I can only guess about the precise meaning that cars have in Cuba – do people worry about them, feel sorry for them and have nightmares about their eventual deaths? Do people ever imagine some future time when sorcery runs out and the Malecon is still? We should have asked Ernesto if he had named his car.

I did not realize it at the time, but Ernesto taught us a critical lesson about the essence of degrowth (a term I was not yet aware of). If we ever euthanize consumerism and replace it with degrowth we will have to adore material things far more deeply than we currently do. In this future world every possession will need love and attention – cars, shirts, shoes, cell phones, coats, hats, dishes, bowls, appliances….these will all become important, and, in the best case scenario, might make us happier. We will become, like Ernesto, not owners but stewards – tailors, mechanics, carpenters, repairpersons, potters. We will have to reinvent the lost art of self-reliance.

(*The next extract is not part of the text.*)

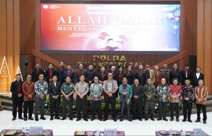 POLDA SULBAR ,NEWSPAS.NET- Perayaan Natal Oikumene Forum Komunikasi Gereja-gereja di Mamuju (FKGM) tahun 2025 berlangsung meriah, Kamis (8/1/26) di Aula Marannu Polda Sulawesi Barat.
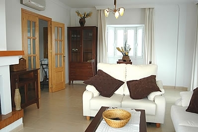 La luz interior va muy bien con los muebles de diseño, siendo ésta una casa muy cómoda decorada con excelente gusto por sus propietarios. Dispone de una sala de estar/comedor en la planta alta, con chimenea y TV satélite. La cocina, bien concebida con un toque de diseño italiano, cuenta con cocina eléctrica, horno eléctrico, microondas, nevera/congelador, lavavajillas y lavadora. En un nivel inferior se encuentran tres preciosos dormitorios: uno de matrimonio y dos dobles con dos camas. Dos baños completos para uso compartido completan este alojamiento.Notas:- Dispone de aire acondicionado en el salón y en los dormitorios (es opcional y tiene un coste de 50 ⬠por semana).- Dispone de conexión a Internet WiFi (gratuito).

Philosophers, poets and writers, throughout human history have praised the virtues of simplicity. Thoreau wrote in Walden about the benefits of wearing pants with patched knees. He warned us to beware of any “enterprise that required new clothes.” A pair of pants with patches at the knees has transformed the mender – the relationship between a garment and wearer becomes one of reciprocity rather than of commodification.

Rather presciently, Thoreau wrote that undue pursuit of things and comfort is a trap:

“The luxuriously rich are not simply kept comfortably warm, but unnaturally hot; as I implied before, they are cooked, of course a la mode.”

There is a growing body of research supporting Thoreau (and Ernesto) regarding the deep connection between people and possessions in the context of a simpler lifestyle.

A recent study – “Toward a Theory of Minimalism and Well Being,” by Kasey Lloyd and William Pennington discovered that:

“Many participants reported they no longer engage in recreational shopping, and almost all participants reported any purchases they now made were strategic, purposeful, and well-researched. While participants tended to reject the materialistic idea that possessions portrayed status, a number of participants reported that the possessions they currently own add joy or value to their lives. As they truly liked and identified with their possessions, they assisted them to feel more authentic.”

Lloyd and Pennington specified that simplicity benefitted the well off, but did not bestow happiness upon those living in poverty. Such an assertion, I believe, diminishes the agency and resourcefulness of Cubans who have – under terrible circumstances – created medical, musical and automotive miracles despite being bullied and harassed by the world’s most predatory nation. I believe that degrowth has value to all, and if widely adopted would powerfully address inequity.

It will not be easy to embrace degrowth even though we must do so. Degrowth will involve hard work. We could, however, easily lift the blockade.